ASSIGNMENT — Without changing a character, return the entries, but not the images they hold.

*** Opening of INFORMATION PROVIDED ***

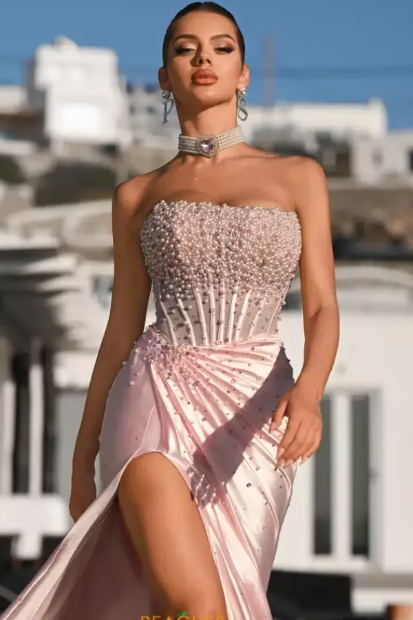 Turn heads at prom in this shimmering Portia and Scarlett long dress style PS26235 drenched with pearls and stones on stretch satin fabric. This glistening gown showcases a strapless, sheer corset with a straight across neckline, exposed boning and low back. The long slim skirt, has ruching to one side, a high front, side slit and small back train.
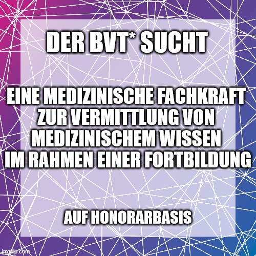 BVT Grafik in lila. Darauf steht in weißer Schrift: Der BVT sucht eine medizinische Fachkraft zur Vermittlung von medizinischem Wissen im Rahmen einer Fortbildung auf Honorarbasis.
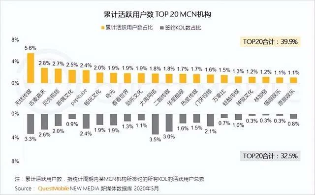 相关数据显示,top20的MCN签约KOL数量占据总体的比例超过三成。头部网红呈现出越来越聚集的趋势,这是因为单一IP的抗风险能力和经营稳定性都存在一定的不足。
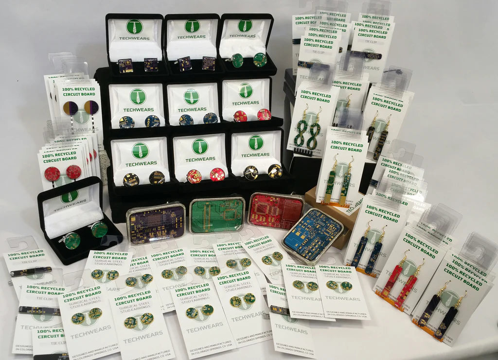 TechWears is a Colorado manufacturer of custom bulk keychains and promotional products made from 100% recycled circuit boards. We help businesses, institutions, retailers, and event organizers create distinctive branded items that combine visual impact, useful function, and a more meaningful sustainability story.
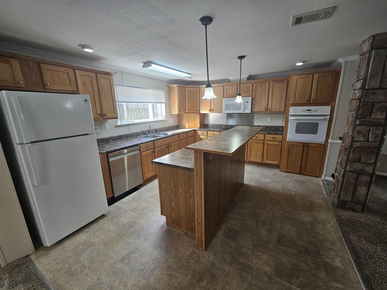 This well-maintained home in features an open floor plan perfect for modern living & entertaining. The spacious family room flows seamlessly into the kitchen, creating an ideal space for gatherings. Stone columns provide subtle definition between areas while maintaining the open feel. The kitchen boasts a large island w/ ample counter space & seating, making it the natural hub of the home. A stone fireplace anchors the living area, complemented by a large built-in entertainment center & don't miss the built in desk/workstatiion. The master suite includes a private bathroom w/ a jetted tub & separate shower. The large walk-in closet features built-in shelves for organized storage. A spacious indoor laundry room provides convenient access to the backyard, adding to the home's practical layout. Also has plantation shutters. Step outside to your private backyard, fully enclosed w/ an 8-ft privacy fence?perfect for relaxing, entertaining, or letting kids & pets play safely.
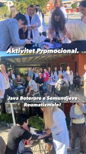 Këtij aktiviteti sensibilizues iu bashkuan edhe studentët e vitit të tretë Infermier i Përgjithshëm të Fakultetit të Shëndetit. Ky aktivitet u realizua në trajtën e një marshimi sensibilizues, me nisje nga Fakulteti i Shëndetit drejt Gjimnazit “Ali Demi” dhe synoi rritjen e ndërgjegjësimit të komunitetit përmes edukimit shëndetësor në lidhje me rëndësinë e aktivitetit fizik i cili mund të zvogëlojë dhimbjen dhe të përmirësojë funksionin, disponimin dhe cilësinë e jetës për të rriturit me artrit.
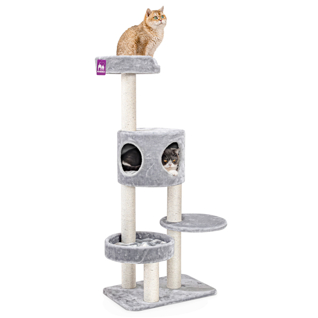 Krabmeubel met een ronde mand om in te relaxen, een stevig klimplateau, een royaal slaaphuisje en bovenin een zachte uitkijkplek. Afm. 60 x 40 x 142 cm.
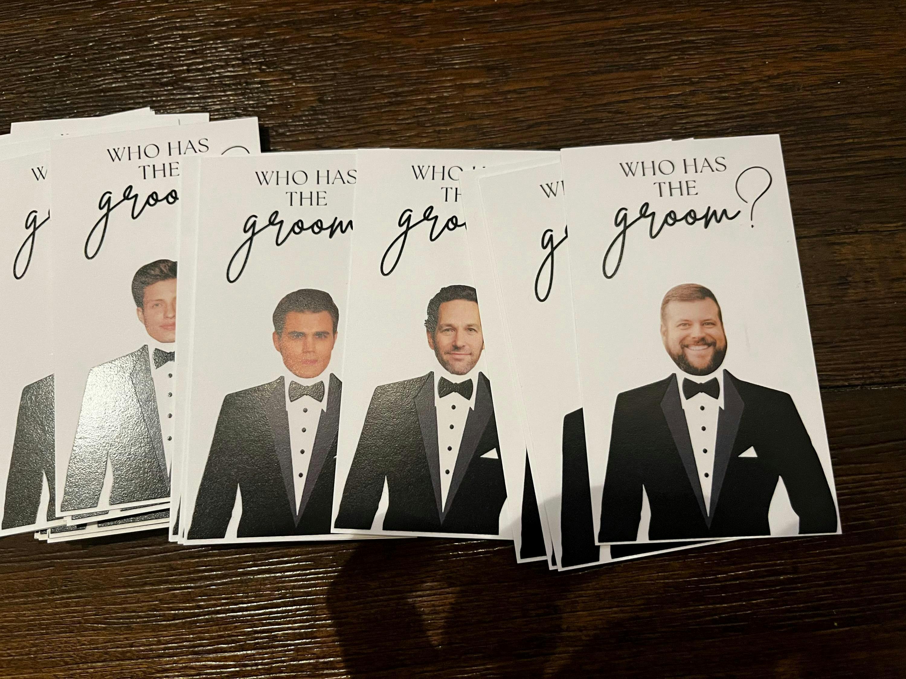 •The non-winner cards will have celebrity faces on them. Whoever has the groom card(s) wins a prize!
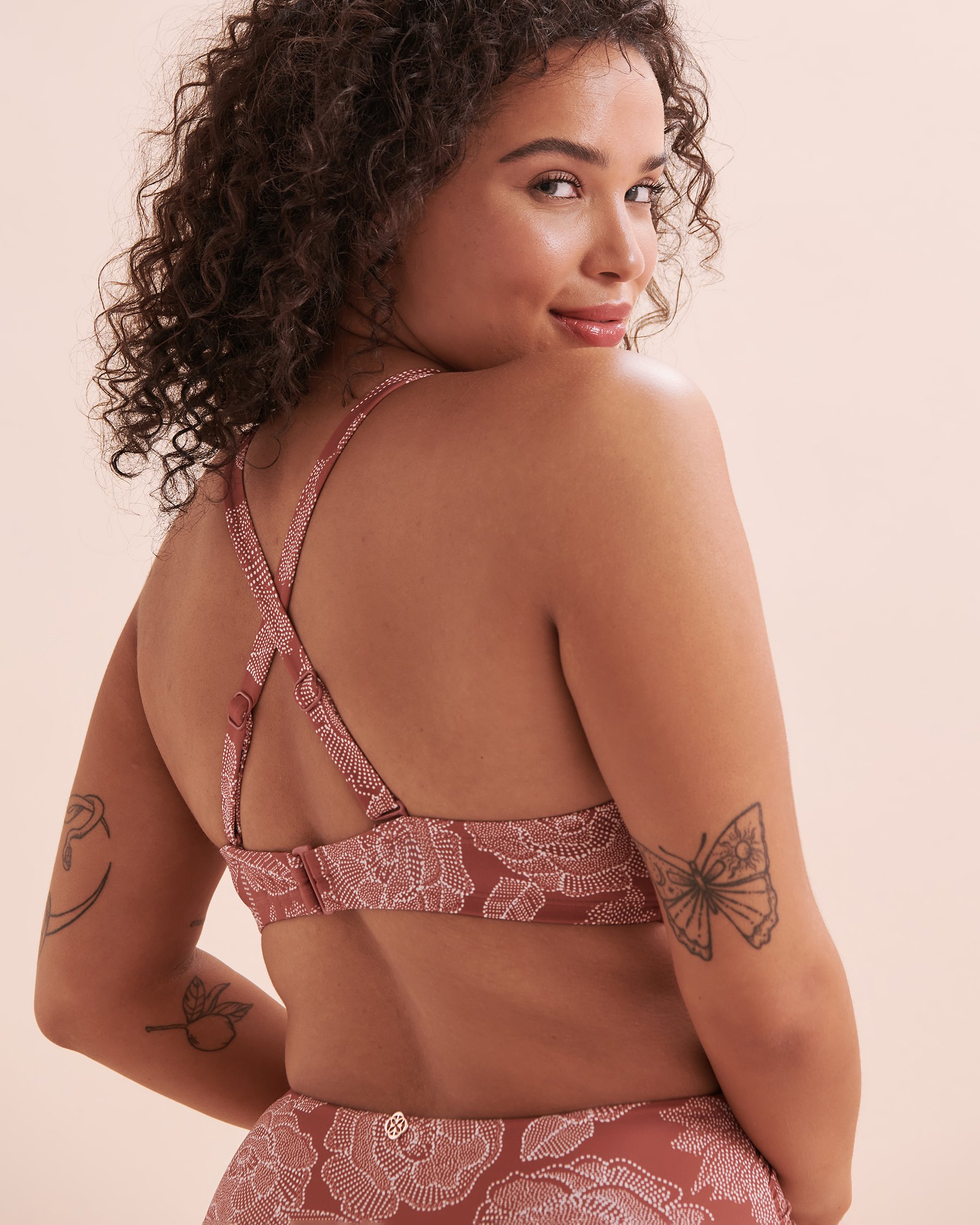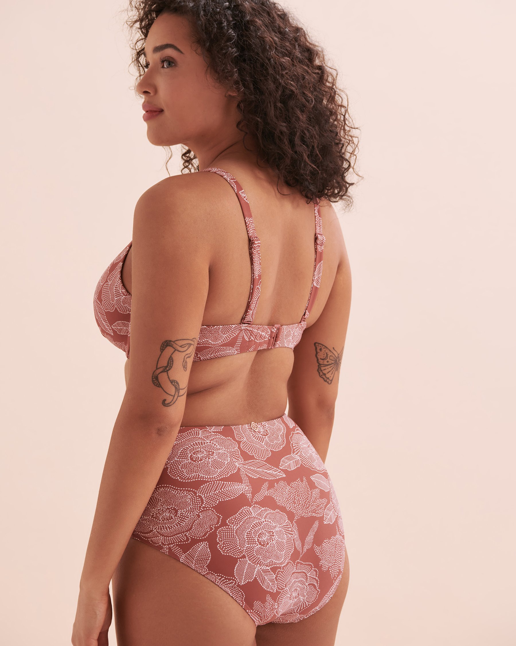 Turquoise Couture's D Plunge Marsala Bikini Top is your dream swimsuit! This floral top has a front knot and two-way adjustable straps. Its underwire and moulded cups are perfect for those who want a little extra support. You won't want to take it off! Complete the look with Turquoise Couture's High Bikini Marsala bikini bottom.

*** Close of INFORMATION PROVIDED ***

WRITTEN ANSWER —
 Turn heads at prom in this shimmering Portia and Scarlett long dress style PS26235 drenched with pearls and stones on stretch satin fabric. This glistening gown showcases a strapless, sheer corset with a straight across neckline, exposed boning and low back. The long slim skirt, has ruching to one side, a high front, side slit and small back train.
 BVT Grafik in lila. Darauf steht in weißer Schrift: Der BVT sucht eine medizinische Fachkraft zur Vermittlung von medizinischem Wissen im Rahmen einer Fortbildung auf Honorarbasis.
 相关数据显示,top20的MCN签约KOL数量占据总体的比例超过三成。头部网红呈现出越来越聚集的趋势,这是因为单一IP的抗风险能力和经营稳定性都存在一定的不足。
 TechWears is a Colorado manufacturer of custom bulk keychains and promotional products made from 100% recycled circuit boards. We help businesses, institutions, retailers, and event organizers create distinctive branded items that combine visual impact, useful function, and a more meaningful sustainability story.
 This well-maintained home in features an open floor plan perfect for modern living & entertaining. The spacious family room flows seamlessly into the kitchen, creating an ideal space for gatherings. Stone columns provide subtle definition between areas while maintaining the open feel. The kitchen boasts a large island w/ ample counter space & seating, making it the natural hub of the home. A stone fireplace anchors the living area, complemented by a large built-in entertainment center & don't miss the built in desk/workstatiion. The master suite includes a private bathroom w/ a jetted tub & separate shower. The large walk-in closet features built-in shelves for organized storage. A spacious indoor laundry room provides convenient access to the backyard, adding to the home's practical layout. Also has plantation shutters. Step outside to your private backyard, fully enclosed w/ an 8-ft privacy fence?perfect for relaxing, entertaining, or letting kids & pets play safely.
 Këtij aktiviteti sensibilizues iu bashkuan edhe studentët e vitit të tretë Infermier i Përgjithshëm të Fakultetit të Shëndetit. Ky aktivitet u realizua në trajtën e një marshimi sensibilizues, me nisje nga Fakulteti i Shëndetit drejt Gjimnazit “Ali Demi” dhe synoi rritjen e ndërgjegjësimit të komunitetit përmes edukimit shëndetësor në lidhje me rëndësinë e aktivitetit fizik i cili mund të zvogëlojë dhimbjen dhe të përmirësojë funksionin, disponimin dhe cilësinë e jetës për të rriturit me artrit.
 Krabmeubel met een ronde mand om in te relaxen, een stevig klimplateau, een royaal slaaphuisje en bovenin een zachte uitkijkplek. Afm. 60 x 40 x 142 cm.
 •The non-winner cards will have celebrity faces on them. Whoever has the groom card(s) wins a prize!
 Turquoise Couture's D Plunge Marsala Bikini Top is your dream swimsuit! This floral top has a front knot and two-way adjustable straps. Its underwire and moulded cups are perfect for those who want a little extra support. You won't want to take it off! Complete the look with Turquoise Couture's High Bikini Marsala bikini bottom.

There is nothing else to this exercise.